You can also set `PI_SEMSEARCH_CONFIG=/path/to/semsearch.json`.

Minimal environment-based configuration is supported:

```bash
export OPENAI_API_KEY=...
export PI_SEMSEARCH_EMBEDDING_MODEL=text-embedding-3-small
# optional; defaults to https://api.openai.com/v1
export PI_SEMSEARCH_EMBEDDING_BASE_URL=https://api.openai.com/v1
```

HyDE is enabled by default when embeddings are configured, and uses Pi's active model for query expansion.
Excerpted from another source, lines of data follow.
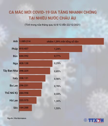 Biến thể Omicron đang khiến đồ thị dịch COVID-19 tăng cao với số ca mắc mới tăng mạnh trở lại. Tại Châu Âu, Anh ghi nhận trên 100.000 ca mắc COVID-19 trong ngày 22/12, số ca mắc cao nhất kể từ đầu năm 2021. Các nước như: Pháp, Tây Ban Nha, Italy,... cũng ghi nhận số ca mắc mới tăng vọt. Trước tình hình dịch bệnh đang tái bùng phát ở châu Âu, nhiều nước đã có những biện pháp mạnh nhằm hạn chế việc đi lại và thúc đẩy người dân đi tiêm vaccine ngừa COVID-19.
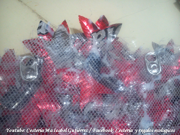 Finalmente pegamos dos anillas de latas por el reverso, en la parte superior y distribuyendo de manera que al colgar, el peso del árbol quede equilibrado...
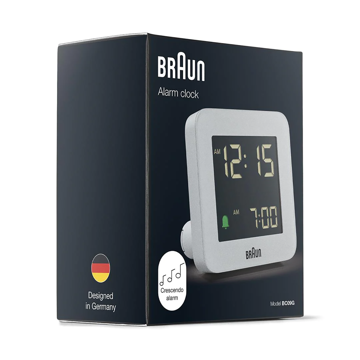- BC09 ma alarm dźwiękowy crescendo, funkcję drzemki i podświetlenia oraz wyświetlacz LCD z opcjami ustawień 12-godzinnych i 24-godzinnych, co poprawia funkcjonalność tego zegara. Projekt odzwierciedla zasady spójności, prostoty i przejrzystości projektu marki Braun.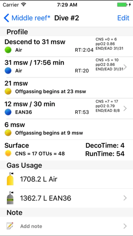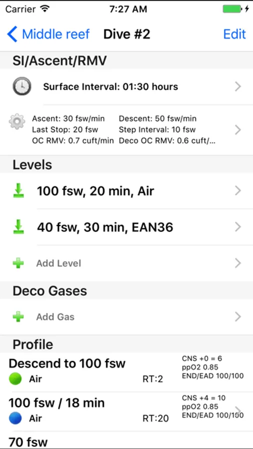 Keeps track of gas consumption, OTUs and CNS. Per dive configurable ascent/descent rates, last stop/stop interval settings and RMV/MOR.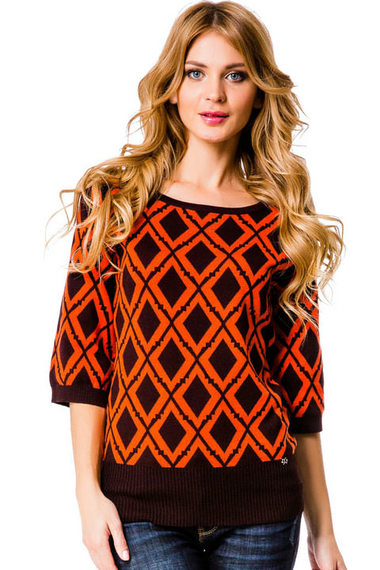 Стильный джемпер приталенного силуэта с широкими рукавами 3/4. Джемпер украшен контрастным оранжевым принтом, на манжетах и по низу изделия отделан широкой трикотажной резинкой в рубчик.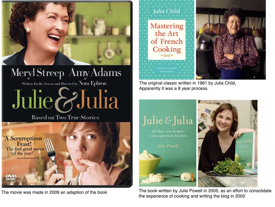 For Julie, this way of cooking and aligning to a school of thought became the point of entry whereas the same premise of cooking became a point of departure for Julia. I feel this notion extends across all the creative fields. We can start from a point which resonates with us.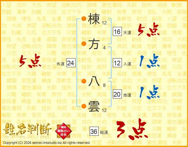 あなたの人生を表す1番重要な運勢です。生涯を通じて影響する総合運となり、主に50歳以降の晩年期に影響を及ぼします。苗字と名前の合計画数。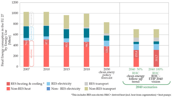 According to the European Commission plan, with an average increase of approximately 2.3% per year, an overall target of 32% of the RES share can be reached by 2030. By complementing the use of RES potential with the implementation of energy-efficient measures for the enhancement of the building sector, by 2040, the prediction is that about 50% of heating and cooling needs can be decarbonized, with the production of 155 Mtoe per year [21,22].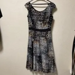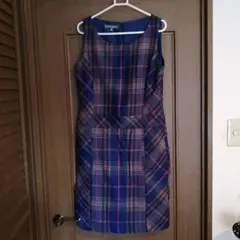 ローラアシュレイ ノースリーブ 千鳥格子柄 ワンピース S 総柄 ハイネック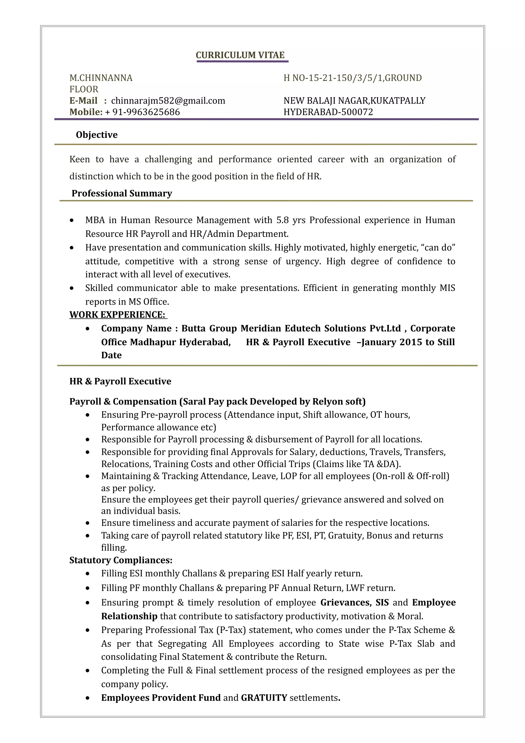 M. Chinnanna has over 5 years of experience in human resources and payroll. He is seeking a challenging career in HR. He has skills in payroll processing, statutory compliance, recruitment, and employee relations. Currently he works as an HR and Payroll Executive handling all aspects of HR from recruitment to exit formalities.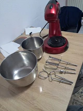Robot de cocina de color rojo, ideal para preparar tus recetas favoritas. Incluye varios accesorios para diferentes usos. - Bol de acero inoxidable. - Varillas batidoras. - Ganchos amasadores.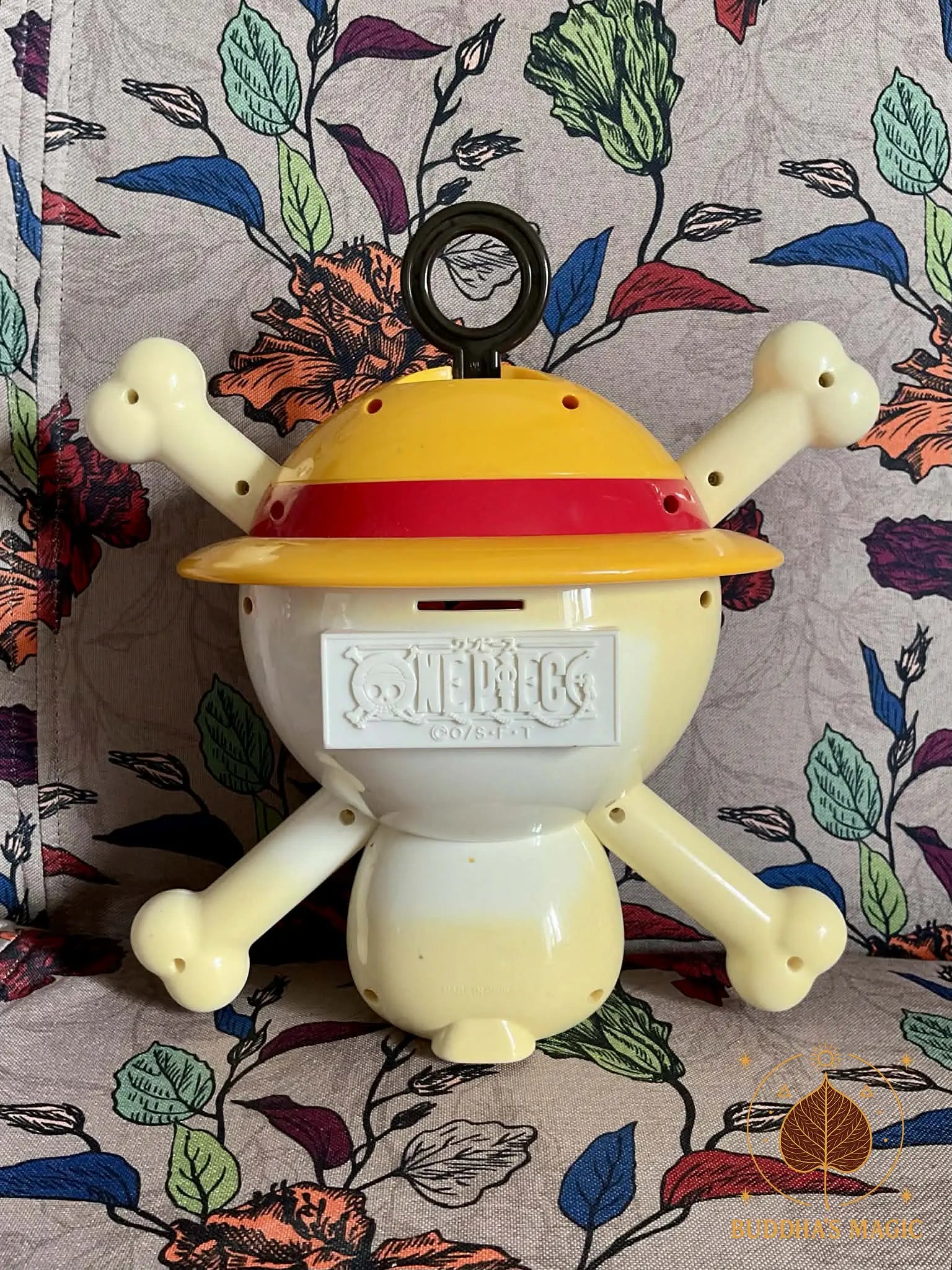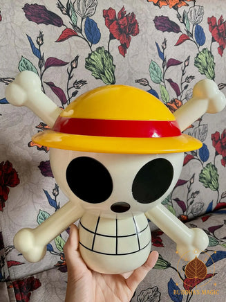 Cette tirelire représente le célèbre Jolly Roger de Luffy, emblème iconique de l’univers ONE PIECE. Il s’agit d’un objet officiel sous licence, édité en 2018, initialement distribué exclusivement au Japon dans un contexte promotionnel.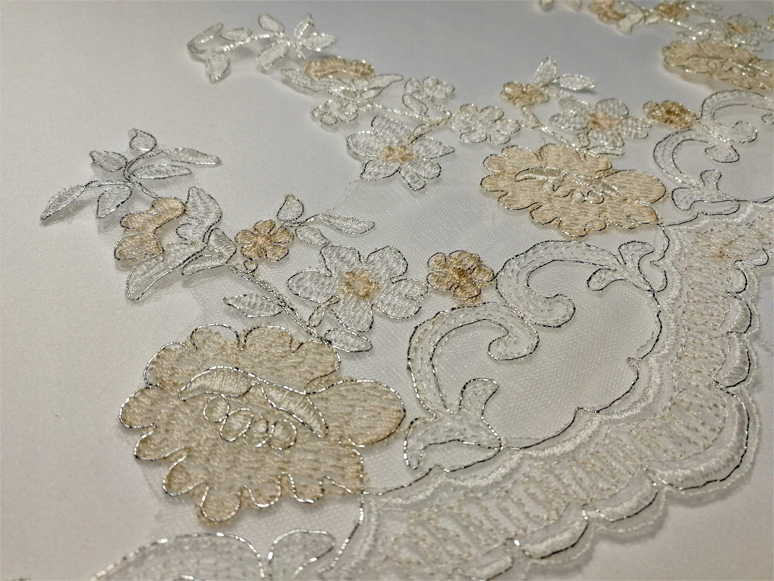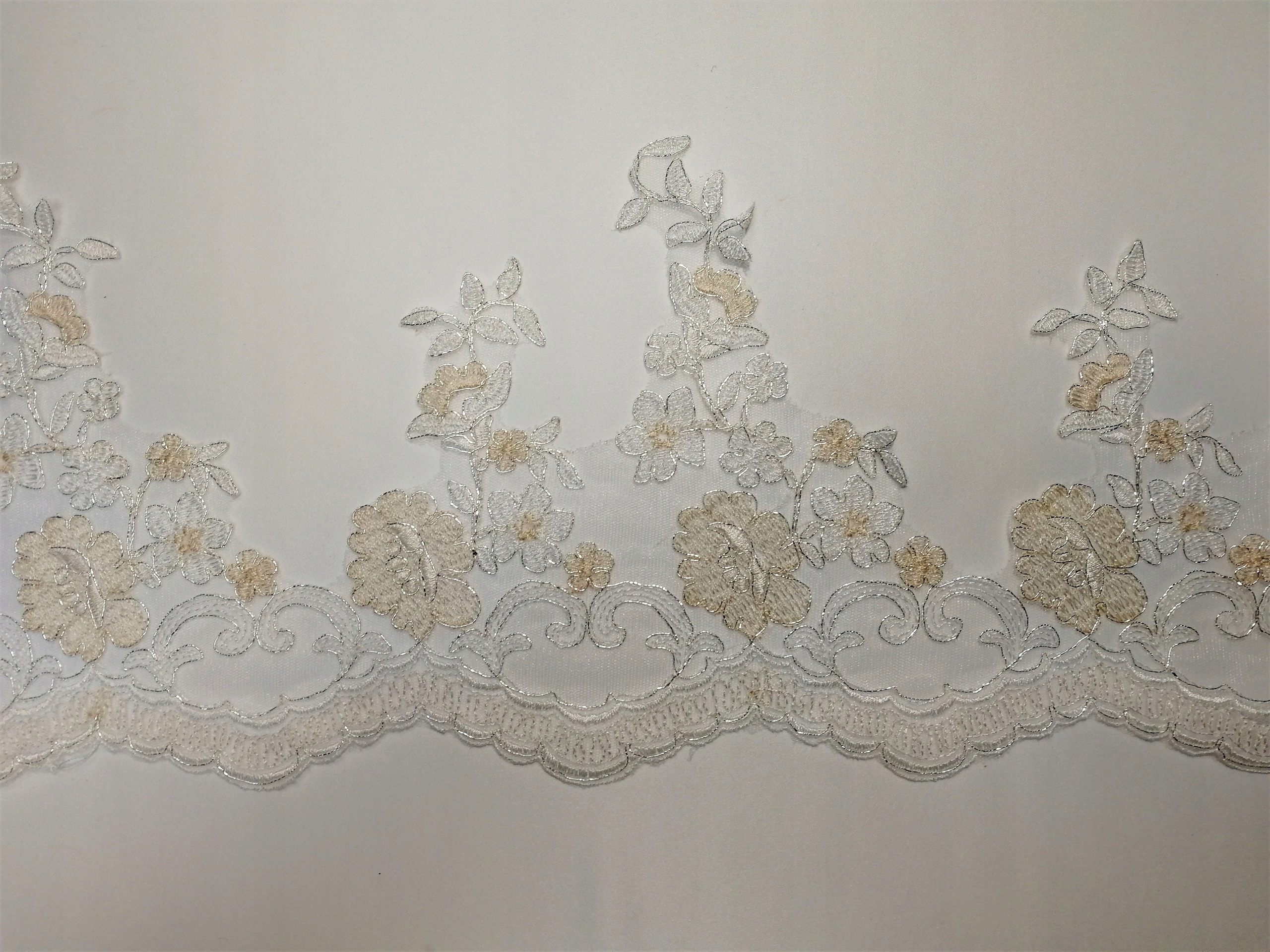 Taśma Koronka Ślubna Ozdobna TK25065 Krem + Beż + Srebro -1/2mb

Disable it with `"hyde": { "enabled": false }`. You can also pin HyDE to an explicit OpenAI-compatible chat provider:

```json
{
"embedding": {
"baseURL": "https://api.openai.com/v1",
"apiKeyEnv": "OPENAI_API_KEY",
"model": "text-embedding-3-small"
},
"hyde": {
"baseURL": "https://openrouter.ai/api/v1",
"apiKeyEnv": "OPENROUTER_API_KEY",
"model": "openai/gpt-4o-mini",
"threshold": 0.35
}
}
```

## Cache and database location

Indexes are stored as SQLite databases outside the repository by default:

```text
${XDG_CACHE_HOME:-~/.cache}/pi/semsearch//index.sqlite
```

Override the cache root with either:

```json
{
"cacheDir": "/some/path"
}
```

or:

```bash
export PI_SEMSEARCH_CACHE_DIR=/some/path
```

## Commands

- `/semsearch-refresh` — force-refresh the pi-semsearch index for the current project.

## Development

Use Node `24.x` and npm `11.x`:

```bash
npm install
npm run check
npm run typecheck
npm test
npm run build
```

On Node 24, if native `tree-sitter` builds from source, use:

```bash
CXXFLAGS='-std=c++20' npm install
```

The package uses native Tree-sitter grammar bindings, `better-sqlite3`, `sqlite-vec`, and Vitest for tests.

## Notes

The Pi package manifest loads extensions from `extensions/`; `extensions/pi-semsearch.ts` delegates to the implementation in `src/`. Runtime code uses Pi's extension API (`pi.registerTool`, `pi.registerCommand`, and lifecycle events) and Node file APIs so it can run under Pi's extension loader.